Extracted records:
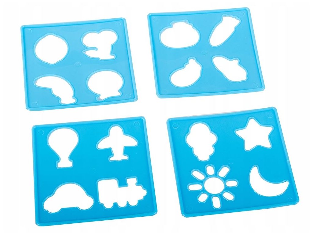 ✅ 4 x modrá tvarová šablona ( letadlo, slunce atd.)
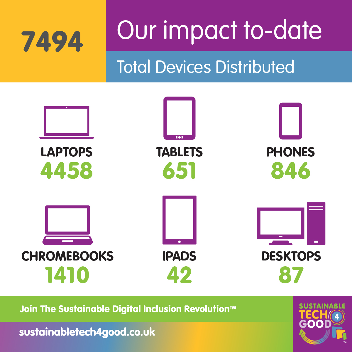 Our raison d’être at Sustainable Tech 4 Good is to get digital devices into the hands of those who need them most, whilst also saving needless CO2 emissions, e-waste and the extraction of scarce, precious raw materials #leavenotrace.
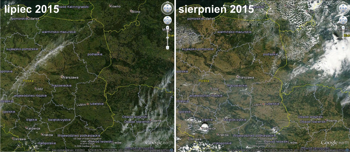 Zrobiło się już na tyle sucho, że skutki suszy jak na dłoni widać z kosmosu. Trudno ich nie zauważyć również poruszając się po Puszczy Kampinoskiej, gdzie wiele drzew – choć mamy przecież dopiero połowę sierpnia – już pożółkło. Gdyby nie temperatura można by więc pomyśleć, że mamy już jesień.
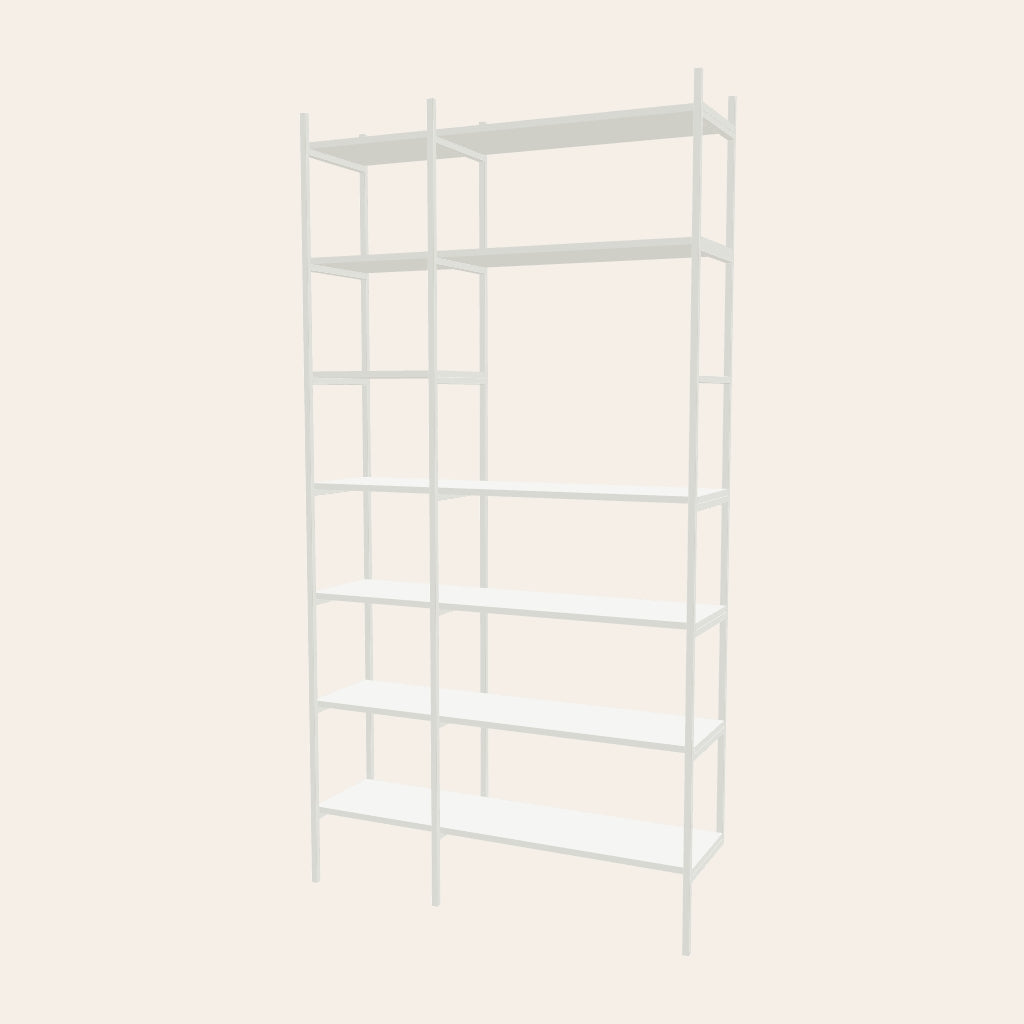 A perfect bookshelf for your living room in the color white. In the open sections you can fit a painting or a large lamp. This combination is 123 cm wide.
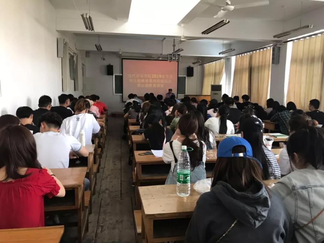 5月21日,现代音乐学院“提高安全意识 共建文明校园”2019安全文明主题教育系列活动启动仪式暨法制教育讲座在文东校区举办。现代音乐学院师生共150余人参加活动。
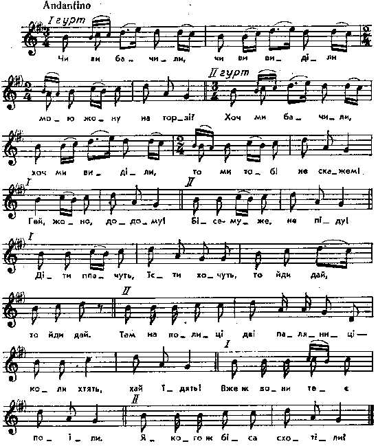Перший хор Чи ви бачили, чи ви виділи мою жону на торзі? Другий хор Хоч ми бачили, хоч ми виділи, то ми тобі не скажем! 1 Гей, жоно, додому! 2 Бісе-муже, не піду! 1 Діти плачуть, їсти хочуть, то йди дай, то йди дай. 2 Там на полиці дві паляниці, коли хтять, хай їдять! 1 Вже ж вони теє поїли. 2 Якого ж біса схотіли? Інші мелодії: Kolberg. Pokucie, t. І, s. 168. Kolberg. Wolyn, № 366. Гнатюк. Гаївки, № 22, 23, 78, 79, 87, 88, 171. Роздольський, 179 і 180. Тексти: Гнатюк. Гаївки, с. 81 – 87. Місце запису : с.Чекна, Дубенського повіту Примітки Джерело : Леся Українка. Зібрання творів у 12 тт. – К. : Наукова думка, 1977 р., т. 9, с. 204 – 205. Вперше опубліковано : Народні мелодії. З голосу Лесі Українки. Записав і упорядкував Климент Квітка. – К. : 1917 р., ч. 1, с. 34 – 35. Пісню з мелодією записала Леся Українка та М.Лисенко від Лесі Українки. Пісня – дуже цікавий зразок для простеження варіантної змінності тексту в ігрових піснях. Фольклорні записи Перший | Попередній | Перелік | Наступний | Останній |
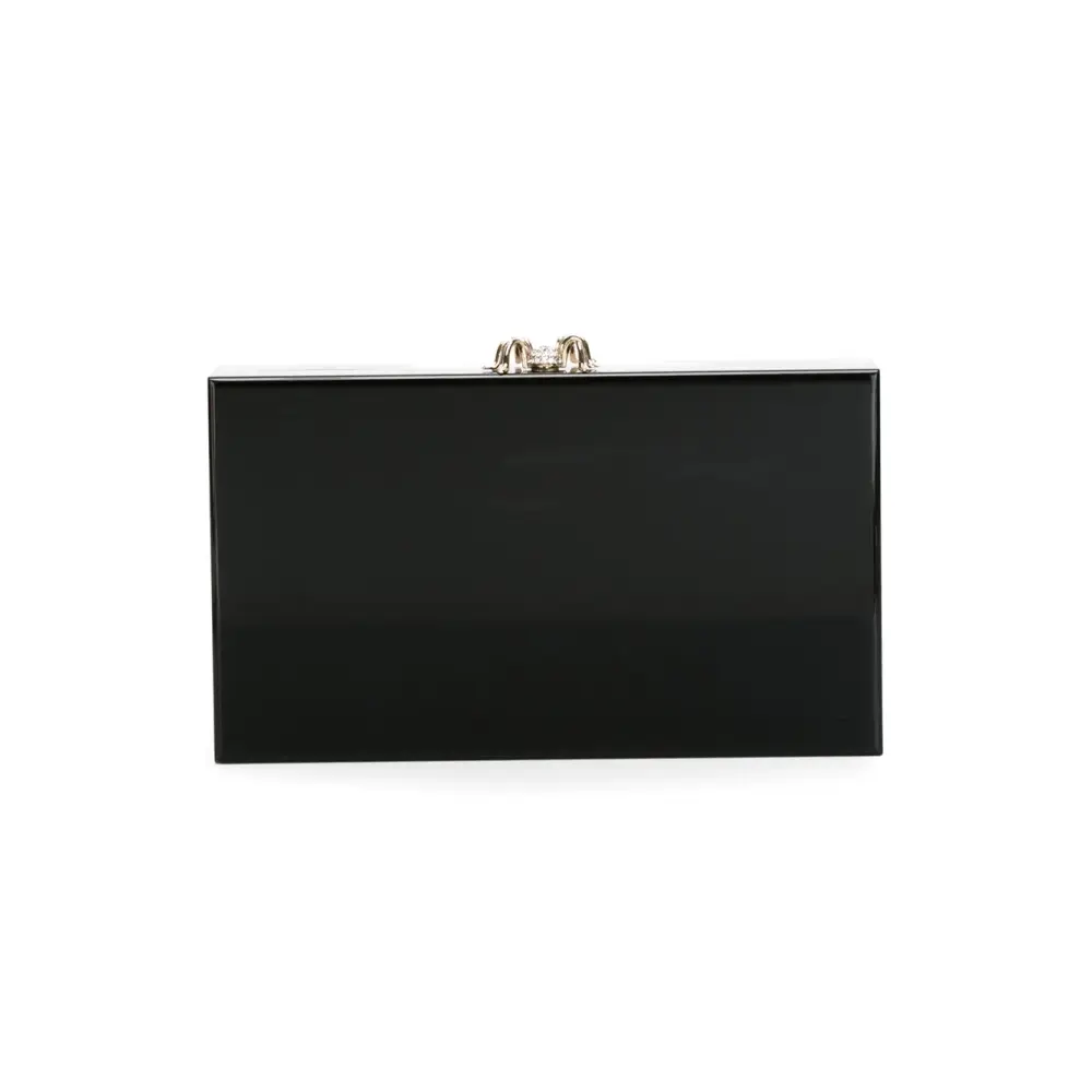 Черный клатч 'Pandora' с принтом собаки от Charlotte Olympia. Застежка-защелка в виде паука, прозрачный дизайн, внутренний мешочек.

Exercise directions: A word-for-word copy is required of the lines above from the line with "A perfect bookshelf" through the last line of the data; no other lines and no pictures belong in it.

Response to the task:
 A perfect bookshelf for your living room in the color white. In the open sections you can fit a painting or a large lamp. This combination is 123 cm wide.
 5月21日,现代音乐学院“提高安全意识 共建文明校园”2019安全文明主题教育系列活动启动仪式暨法制教育讲座在文东校区举办。现代音乐学院师生共150余人参加活动。
Перший хор Чи ви бачили, чи ви виділи мою жону на торзі? Другий хор Хоч ми бачили, хоч ми виділи, то ми тобі не скажем! 1 Гей, жоно, додому! 2 Бісе-муже, не піду! 1 Діти плачуть, їсти хочуть, то йди дай, то йди дай. 2 Там на полиці дві паляниці, коли хтять, хай їдять! 1 Вже ж вони теє поїли. 2 Якого ж біса схотіли? Інші мелодії: Kolberg. Pokucie, t. І, s. 168. Kolberg. Wolyn, № 366. Гнатюк. Гаївки, № 22, 23, 78, 79, 87, 88, 171. Роздольський, 179 і 180. Тексти: Гнатюк. Гаївки, с. 81 – 87. Місце запису : с.Чекна, Дубенського повіту Примітки Джерело : Леся Українка. Зібрання творів у 12 тт. – К. : Наукова думка, 1977 р., т. 9, с. 204 – 205. Вперше опубліковано : Народні мелодії. З голосу Лесі Українки. Записав і упорядкував Климент Квітка. – К. : 1917 р., ч. 1, с. 34 – 35. Пісню з мелодією записала Леся Українка та М.Лисенко від Лесі Українки. Пісня – дуже цікавий зразок для простеження варіантної змінності тексту в ігрових піснях. Фольклорні записи Перший | Попередній | Перелік | Наступний | Останній |
 Черный клатч 'Pandora' с принтом собаки от Charlotte Olympia. Застежка-защелка в виде паука, прозрачный дизайн, внутренний мешочек.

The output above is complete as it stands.